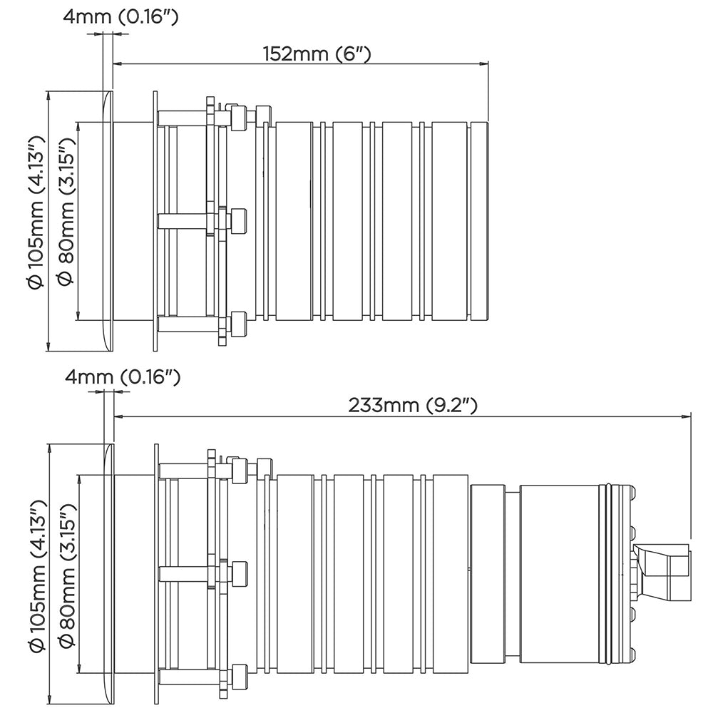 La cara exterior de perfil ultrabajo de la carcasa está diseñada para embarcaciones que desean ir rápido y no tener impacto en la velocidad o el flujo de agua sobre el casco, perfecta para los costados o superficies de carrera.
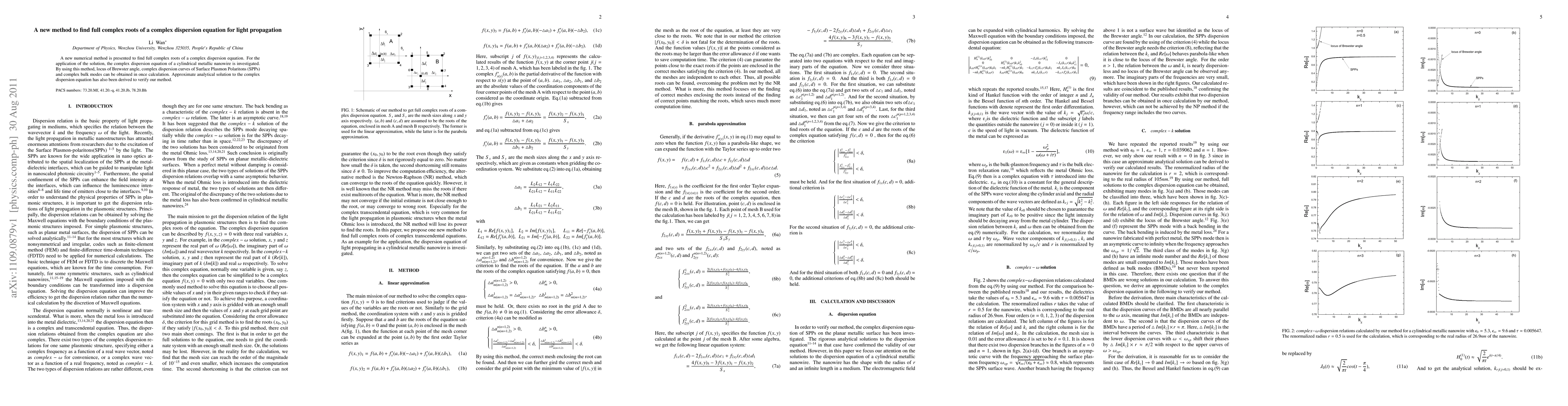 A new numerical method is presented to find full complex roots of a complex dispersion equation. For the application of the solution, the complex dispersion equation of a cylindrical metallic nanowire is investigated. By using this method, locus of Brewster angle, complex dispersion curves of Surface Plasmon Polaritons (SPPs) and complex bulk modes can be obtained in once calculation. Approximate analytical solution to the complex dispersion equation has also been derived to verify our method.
##########
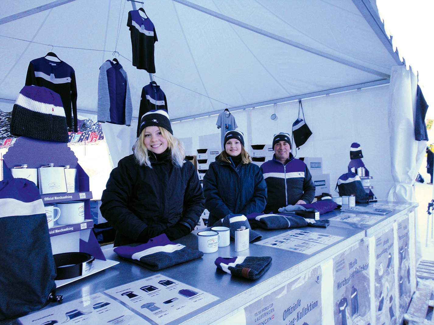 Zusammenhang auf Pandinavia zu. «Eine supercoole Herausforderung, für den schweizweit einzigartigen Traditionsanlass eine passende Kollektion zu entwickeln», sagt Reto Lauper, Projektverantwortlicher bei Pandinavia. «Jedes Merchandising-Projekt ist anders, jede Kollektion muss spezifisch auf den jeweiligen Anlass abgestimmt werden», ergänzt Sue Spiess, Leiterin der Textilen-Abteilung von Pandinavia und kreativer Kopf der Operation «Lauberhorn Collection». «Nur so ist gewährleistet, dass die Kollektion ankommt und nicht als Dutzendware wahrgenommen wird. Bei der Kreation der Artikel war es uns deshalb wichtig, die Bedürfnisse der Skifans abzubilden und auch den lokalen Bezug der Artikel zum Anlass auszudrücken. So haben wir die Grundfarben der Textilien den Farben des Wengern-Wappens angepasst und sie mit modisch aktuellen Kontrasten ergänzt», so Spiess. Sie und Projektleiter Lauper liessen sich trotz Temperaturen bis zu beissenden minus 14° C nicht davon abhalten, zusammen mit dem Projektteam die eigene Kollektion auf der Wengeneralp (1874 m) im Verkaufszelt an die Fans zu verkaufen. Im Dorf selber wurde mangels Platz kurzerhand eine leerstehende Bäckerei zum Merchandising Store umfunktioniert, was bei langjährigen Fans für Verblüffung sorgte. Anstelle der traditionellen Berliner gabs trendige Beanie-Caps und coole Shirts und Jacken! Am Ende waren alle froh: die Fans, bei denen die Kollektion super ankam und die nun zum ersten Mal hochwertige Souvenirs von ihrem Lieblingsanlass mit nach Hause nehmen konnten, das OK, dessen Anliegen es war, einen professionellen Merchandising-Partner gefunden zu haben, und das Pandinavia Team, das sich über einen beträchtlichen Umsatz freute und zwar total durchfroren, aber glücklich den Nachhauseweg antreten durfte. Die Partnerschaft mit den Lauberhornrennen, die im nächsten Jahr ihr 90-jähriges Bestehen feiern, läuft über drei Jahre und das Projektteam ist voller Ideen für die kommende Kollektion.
##########
TASK BRIEF:
From the records above, transcribe exactly the lines starting at the one containing "La cara exterior" and ending at the one containing "A new numerical". Skip the pictures.

WRITTEN REPLY:
 La cara exterior de perfil ultrabajo de la carcasa está diseñada para embarcaciones que desean ir rápido y no tener impacto en la velocidad o el flujo de agua sobre el casco, perfecta para los costados o superficies de carrera.
 A new numerical method is presented to find full complex roots of a complex dispersion equation. For the application of the solution, the complex dispersion equation of a cylindrical metallic nanowire is investigated. By using this method, locus of Brewster angle, complex dispersion curves of Surface Plasmon Polaritons (SPPs) and complex bulk modes can be obtained in once calculation. Approximate analytical solution to the complex dispersion equation has also been derived to verify our method.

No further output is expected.